What this task involves:
Restate the lines word for word, from the first line of the records through the line containing "圧縮方法は簡単、衣類を収納してファスナーを閉めるだけ。". Leave out the pictures and anything after that line.

-- Provided information follows --

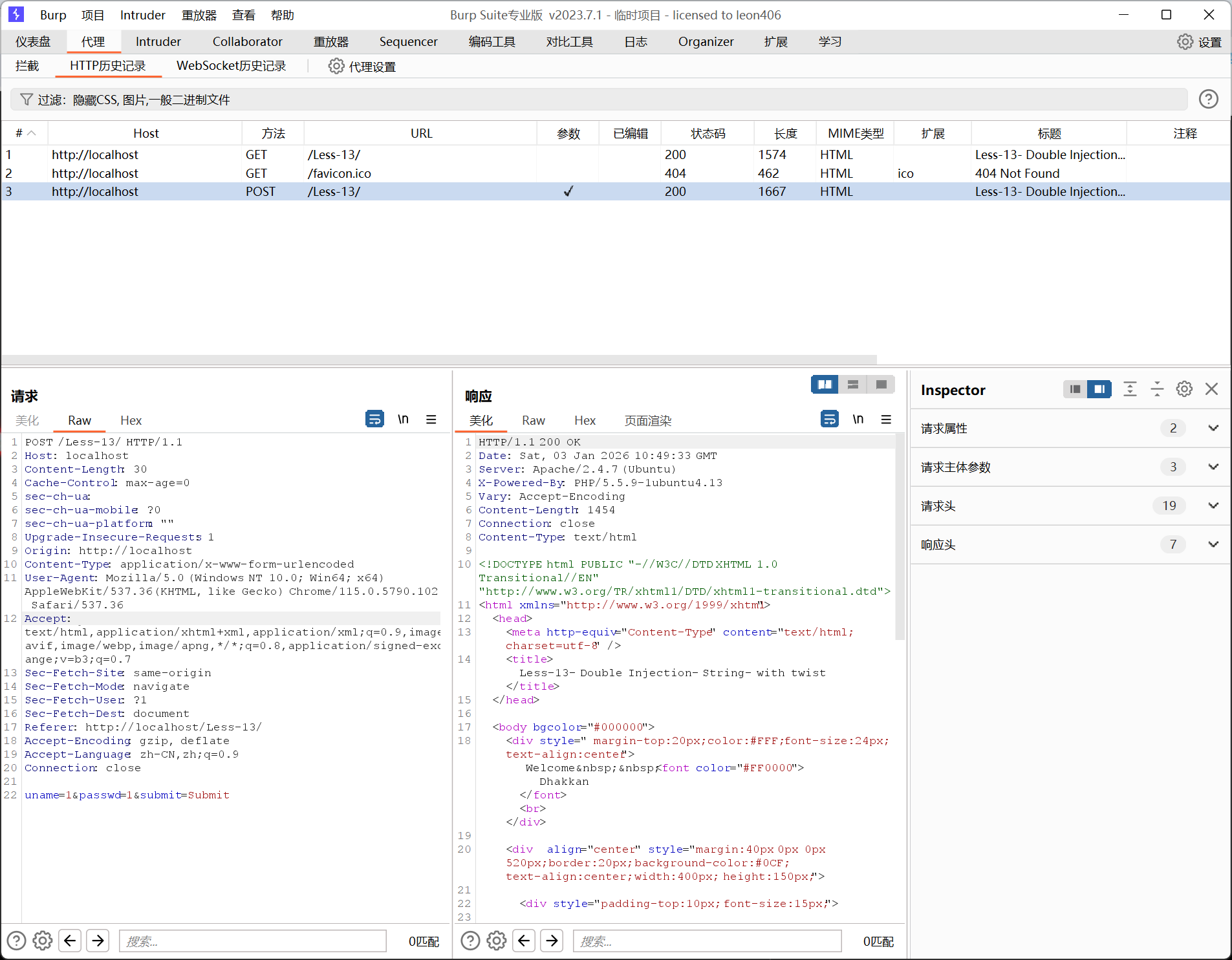 Welcome DhakkanYour Login name:2Your Password:3发现,2是回显在name,3是回显在Password。
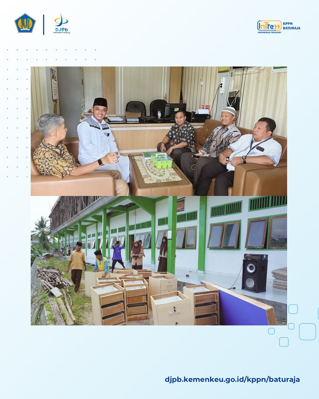 Pemindahtanganan BMN Melalui Hibah Pada tanggal 25 April 2025, telah dilaksanakan kegiatan pemindahtanganan Barang Milik Negara (BMN) dengan mekanisme hibah dari KPPN Baturaja kepada Pondok Pesantren Asyifa’, Baturaja. Kegiatan ini merupakan bentuk nyata sinergi antara pengelolaan aset negara dan dukungan terhadap sektor pendidikan keagamaan. Semoga hibah ini membawa manfaat besar bagi kegiatan dan pengembangan pondok pesantren serta para santri di Pondok Pesantren Asyifa’ Baturaja. #HibahBMN #KPPNBaturaja
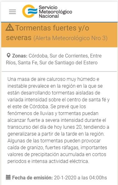 Según se remarca en el texto de la advertencia, es posible que esta tarde "desarrollen áreas de lluvias y tormentas en la zona de cobertura correspondiente a Mendoza, norte de Río Negro, La Pampa, San Juan, La Rioja y el sur de la provincia de Buenos Aires, las cuales luego afectarán también a San Luis y al oeste de la provincia de Buenos Aires".
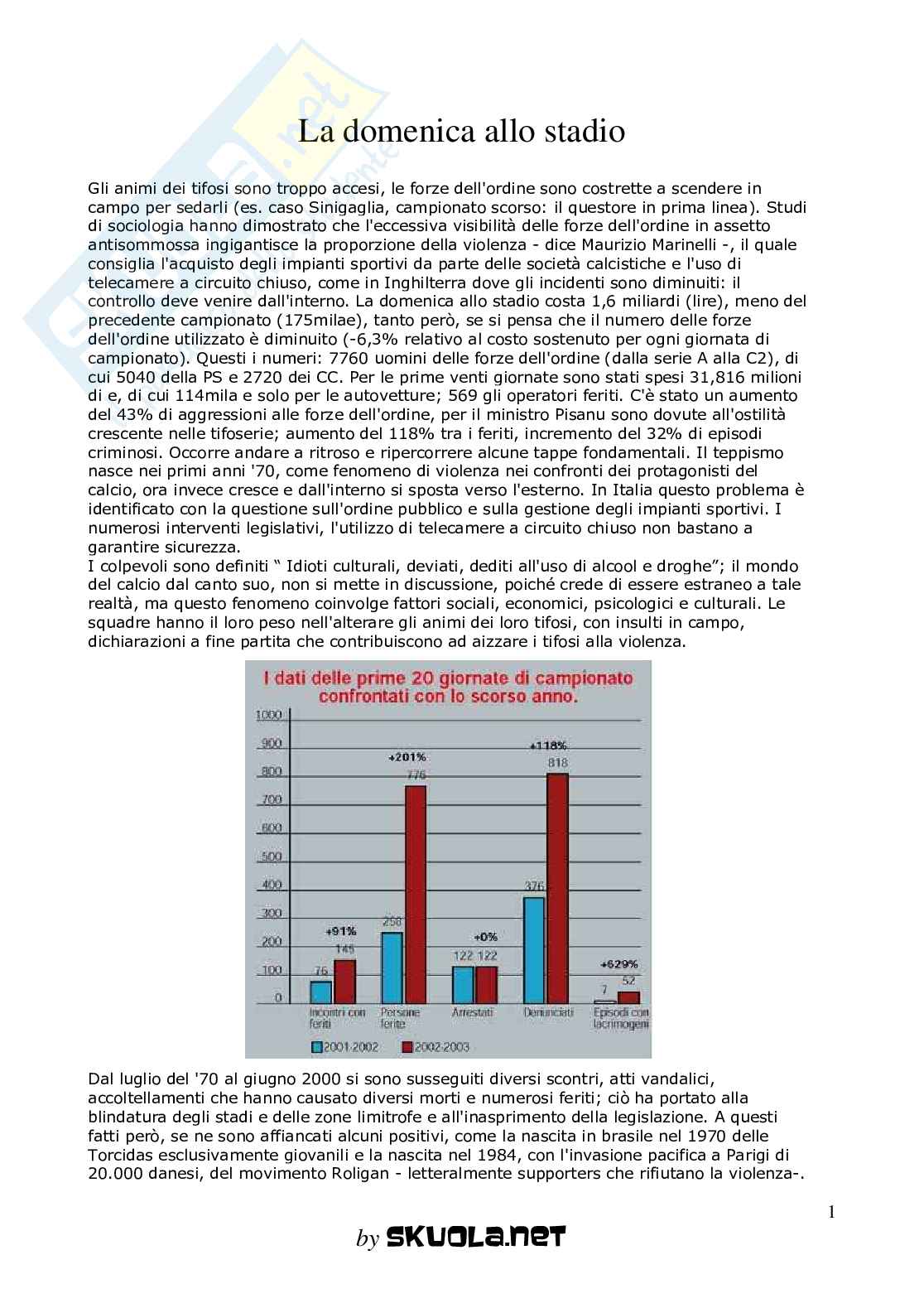 campo per sedarli (es. caso Sinigaglia, campionato scorso: il questore in prima linea). Studi
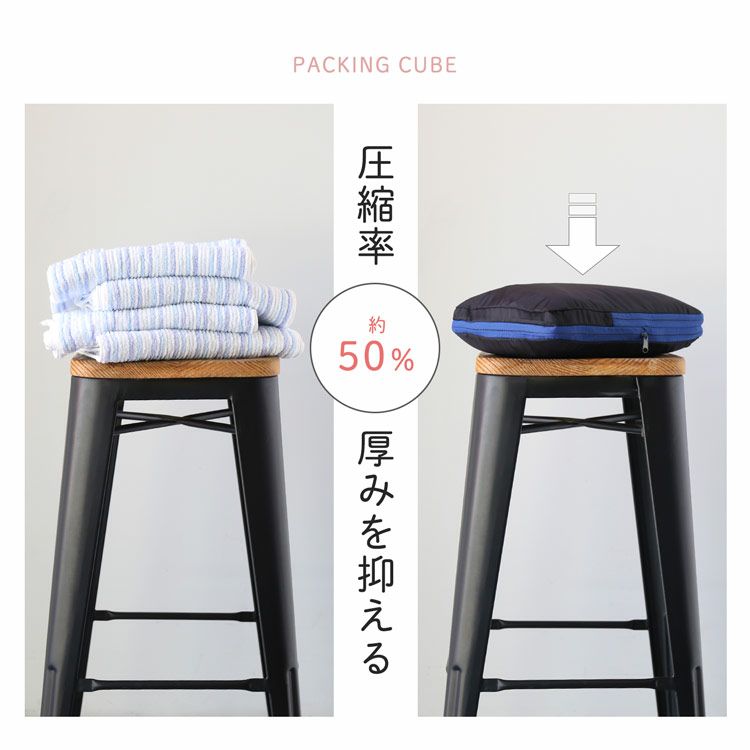 圧縮方法は簡単、衣類を収納してファスナーを閉めるだけ。
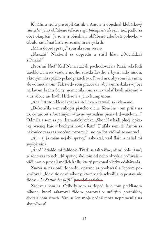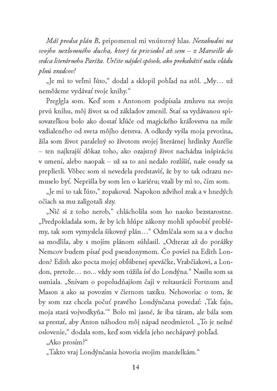 Osvienčim, 1942. "Keď sa toto všetko skončí, mohla by si celému svetu povedať, čo nám urobili." Nacisti už priveľa príbehov ukončili priskoro. Môže však človek skutočne zomrieť, ak jeho príbeh žije ďalej? Musím prežiť. Musím vyrozprávať svetu náš príbeh, aby mohol žiť ďalej... Keď židovská spisovateľka Etty Weilová prekročí desivé brány Osvienčimu, túži vrátiť sa do svojho bytu s výhľadom na Seinu, kde sa kedysi pri milovanom písacom stroji pod širokým oknom smiala s priateľmi. S hrôzou sleduje, ako akési mladé dievča bez milosti odtrhnú od plačúcej matky. Etty si vezme štrnásťročnú Danielle pod ochranné krídla a zakrátko ju začne vnímať ako vlastnú sestru. Etty každý večer rozpráva Danielle príbehy – vytvára krásny svet plný predstáv a nádeje, do ktorého sa dievča môže na chvíľu uchýliť. Čoskoro si uvedomí, že príbehy počúvajú aj ostatné ženy v preplnenom baraku. Vyzve ich, aby hovorili o svojich životoch – o milovaných deťoch, ktoré behajú po vonku s obľúbenými hračkami v náručí, o svojich láskach i o rodinách, ktoré už stratili. Etty musí túto hrôzu prežiť – ak nie pre seba, tak preto, aby dodržala sľub, ktorý dala týmto statočným ženám: že ich príbehy nezostanú zabudnuté. No čím viac nádeje Danielle cíti, tým viac riskuje svoj život – vzpiera sa brutálnym esesákom a núti Etty ochraňovať ju. Raz však Danielle zájde priďaleko…
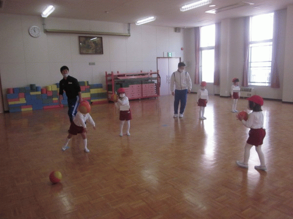 手をお皿にして両手でボールを取る練習をした後、耳の横からボールを投げる練習をしました☆段々とボールが飛ぶ距離も伸びてきて、子ども達も嬉しそうでした!
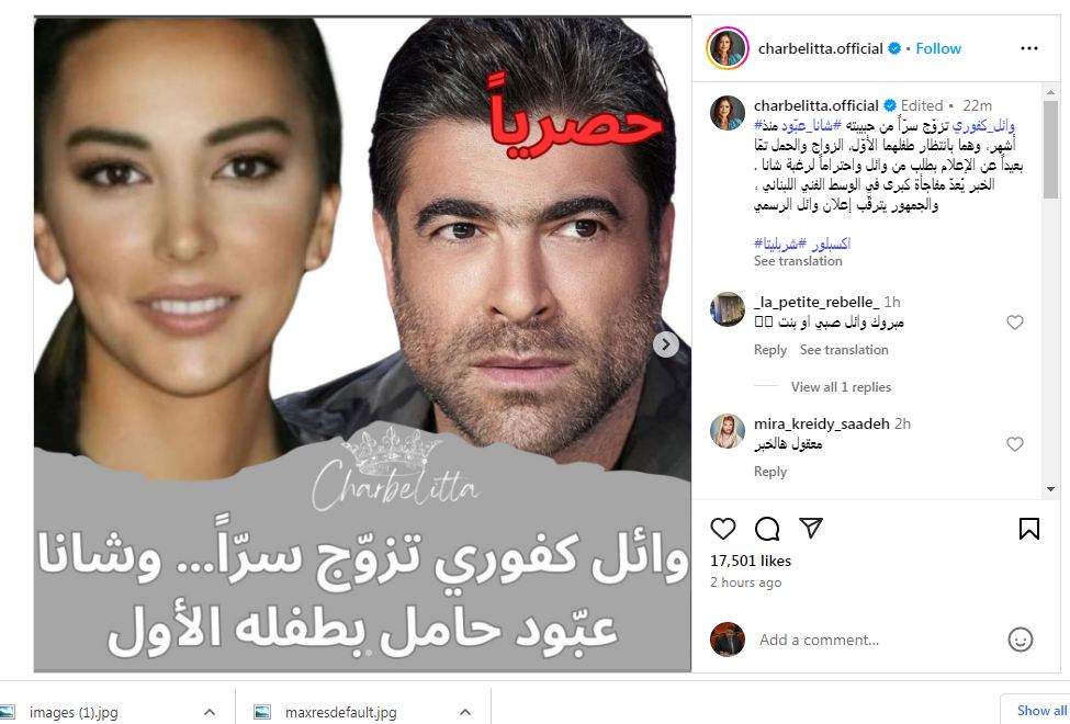 اللبنانية شربليتا تفجّر مفاجأة: وائل كفوري تزوّج سرًّا وينتظر طفله الأول من شانا عبود
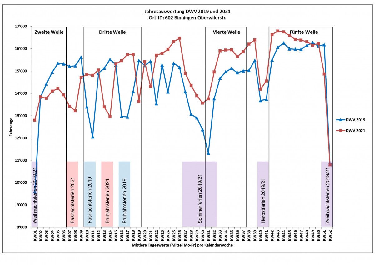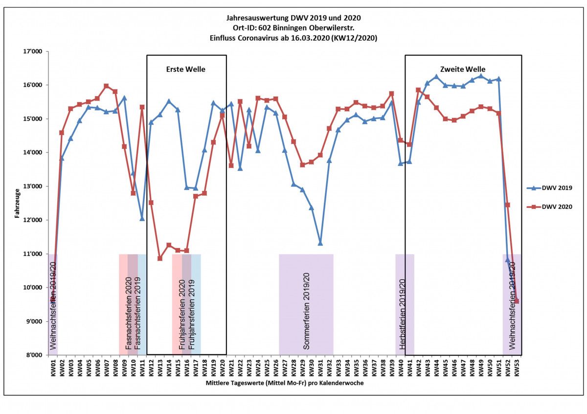 In den nachfolgenden Grafiken wird anhand der Jahresganglinie des durchschnittlichen Wochenverkehrs (DWV) an der Dauerzählstelle Oberwilerstrasse in Binningen der Effekt der Massnahmen gegen die Ausbreitung der Covid-19-Pandemie exemplarisch aufgezeigt. Es gilt zu beachten, dass es sich um effektive Zählwerte handelt, die auch im Einfluss von Baustellen und anderen Störungsfällen stehen können.
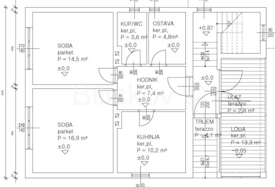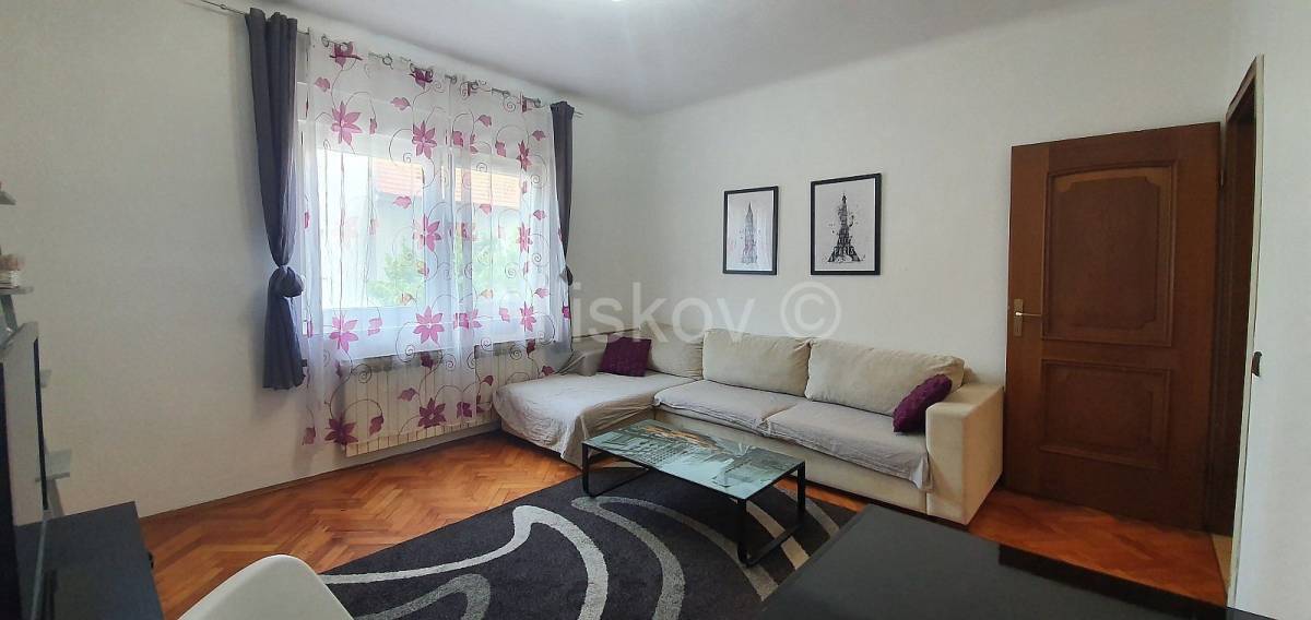 Iznajmljuje se lijepo uređen i ugodan stan površine 80 m2 (stambeni dio 65 m2, loggia 15m2) u visokom prizemlju.

-- Provided information concluded --

Expected answer:
 Welcome DhakkanYour Login name:2Your Password:3发现,2是回显在name,3是回显在Password。
 Pemindahtanganan BMN Melalui Hibah Pada tanggal 25 April 2025, telah dilaksanakan kegiatan pemindahtanganan Barang Milik Negara (BMN) dengan mekanisme hibah dari KPPN Baturaja kepada Pondok Pesantren Asyifa’, Baturaja. Kegiatan ini merupakan bentuk nyata sinergi antara pengelolaan aset negara dan dukungan terhadap sektor pendidikan keagamaan. Semoga hibah ini membawa manfaat besar bagi kegiatan dan pengembangan pondok pesantren serta para santri di Pondok Pesantren Asyifa’ Baturaja. #HibahBMN #KPPNBaturaja
 Según se remarca en el texto de la advertencia, es posible que esta tarde "desarrollen áreas de lluvias y tormentas en la zona de cobertura correspondiente a Mendoza, norte de Río Negro, La Pampa, San Juan, La Rioja y el sur de la provincia de Buenos Aires, las cuales luego afectarán también a San Luis y al oeste de la provincia de Buenos Aires".
 campo per sedarli (es. caso Sinigaglia, campionato scorso: il questore in prima linea). Studi
 圧縮方法は簡単、衣類を収納してファスナーを閉めるだけ。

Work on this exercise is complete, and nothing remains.